#### DATA BLOCK ####
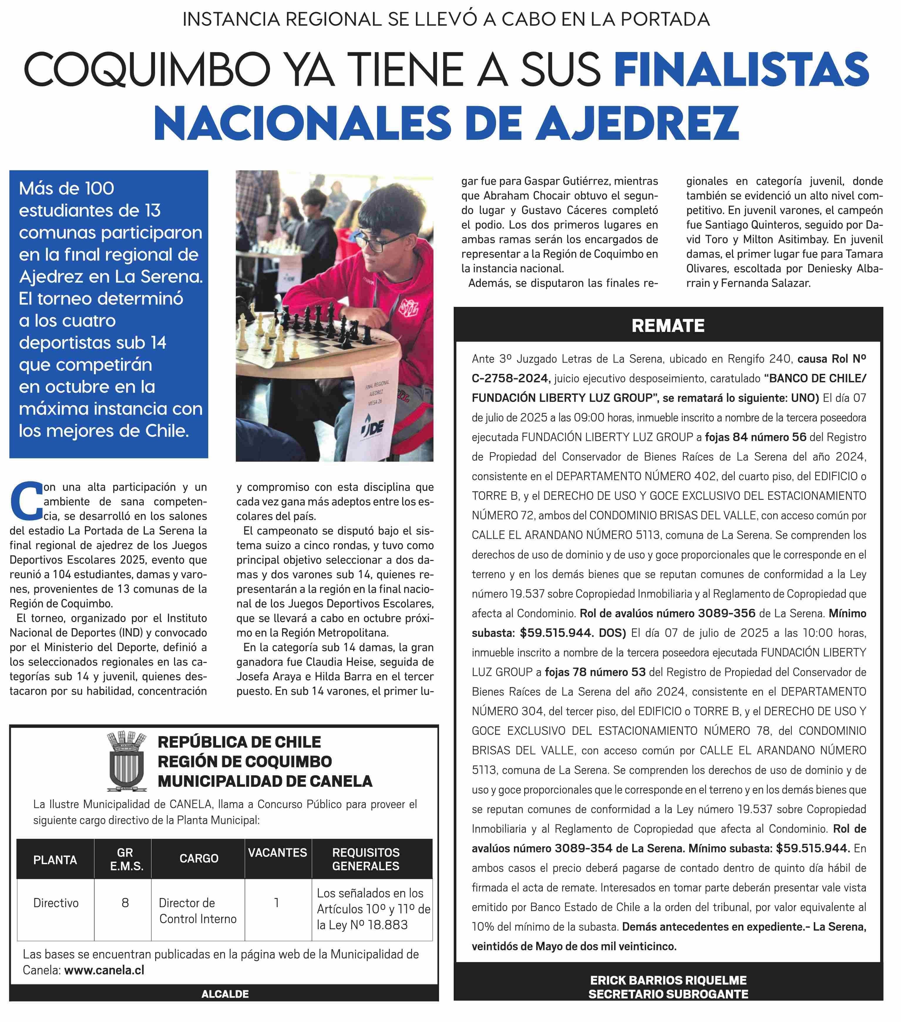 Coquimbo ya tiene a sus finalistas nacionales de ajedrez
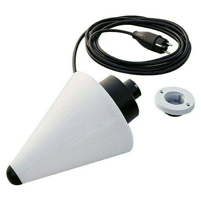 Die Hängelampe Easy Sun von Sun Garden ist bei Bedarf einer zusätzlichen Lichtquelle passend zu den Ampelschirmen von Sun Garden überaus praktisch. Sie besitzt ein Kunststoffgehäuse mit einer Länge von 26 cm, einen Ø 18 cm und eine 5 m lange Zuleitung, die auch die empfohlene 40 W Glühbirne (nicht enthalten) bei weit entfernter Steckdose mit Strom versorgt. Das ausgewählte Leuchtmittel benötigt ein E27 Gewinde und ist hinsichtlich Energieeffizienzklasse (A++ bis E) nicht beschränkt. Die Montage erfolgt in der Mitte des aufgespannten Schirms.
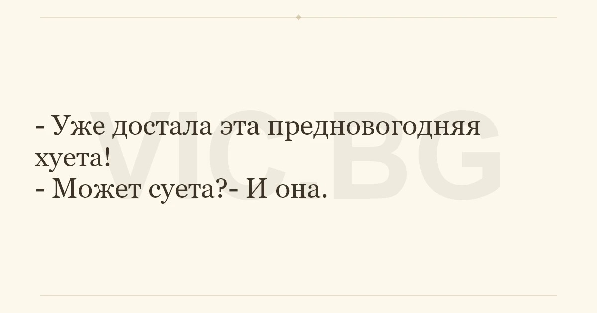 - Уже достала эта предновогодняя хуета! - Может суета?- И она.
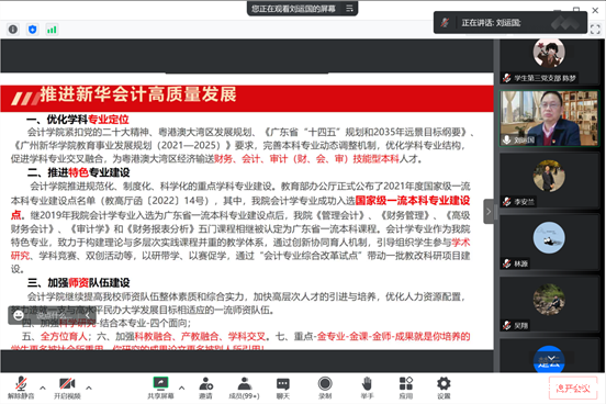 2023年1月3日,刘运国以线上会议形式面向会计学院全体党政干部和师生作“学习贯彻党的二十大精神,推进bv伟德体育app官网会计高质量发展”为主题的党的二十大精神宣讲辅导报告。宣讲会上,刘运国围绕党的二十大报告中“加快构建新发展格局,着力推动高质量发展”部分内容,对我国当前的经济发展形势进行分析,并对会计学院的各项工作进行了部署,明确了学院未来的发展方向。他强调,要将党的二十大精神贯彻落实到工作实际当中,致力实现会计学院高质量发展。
####
#### PROBLEM
Restate the listing above word for word. Leave the images out.

#### SOLUTION TO THIS TASK
 Coquimbo ya tiene a sus finalistas nacionales de ajedrez
 Die Hängelampe Easy Sun von Sun Garden ist bei Bedarf einer zusätzlichen Lichtquelle passend zu den Ampelschirmen von Sun Garden überaus praktisch. Sie besitzt ein Kunststoffgehäuse mit einer Länge von 26 cm, einen Ø 18 cm und eine 5 m lange Zuleitung, die auch die empfohlene 40 W Glühbirne (nicht enthalten) bei weit entfernter Steckdose mit Strom versorgt. Das ausgewählte Leuchtmittel benötigt ein E27 Gewinde und ist hinsichtlich Energieeffizienzklasse (A++ bis E) nicht beschränkt. Die Montage erfolgt in der Mitte des aufgespannten Schirms.
 - Уже достала эта предновогодняя хуета! - Может суета?- И она.
 2023年1月3日,刘运国以线上会议形式面向会计学院全体党政干部和师生作“学习贯彻党的二十大精神,推进bv伟德体育app官网会计高质量发展”为主题的党的二十大精神宣讲辅导报告。宣讲会上,刘运国围绕党的二十大报告中“加快构建新发展格局,着力推动高质量发展”部分内容,对我国当前的经济发展形势进行分析,并对会计学院的各项工作进行了部署,明确了学院未来的发展方向。他强调,要将党的二十大精神贯彻落实到工作实际当中,致力实现会计学院高质量发展。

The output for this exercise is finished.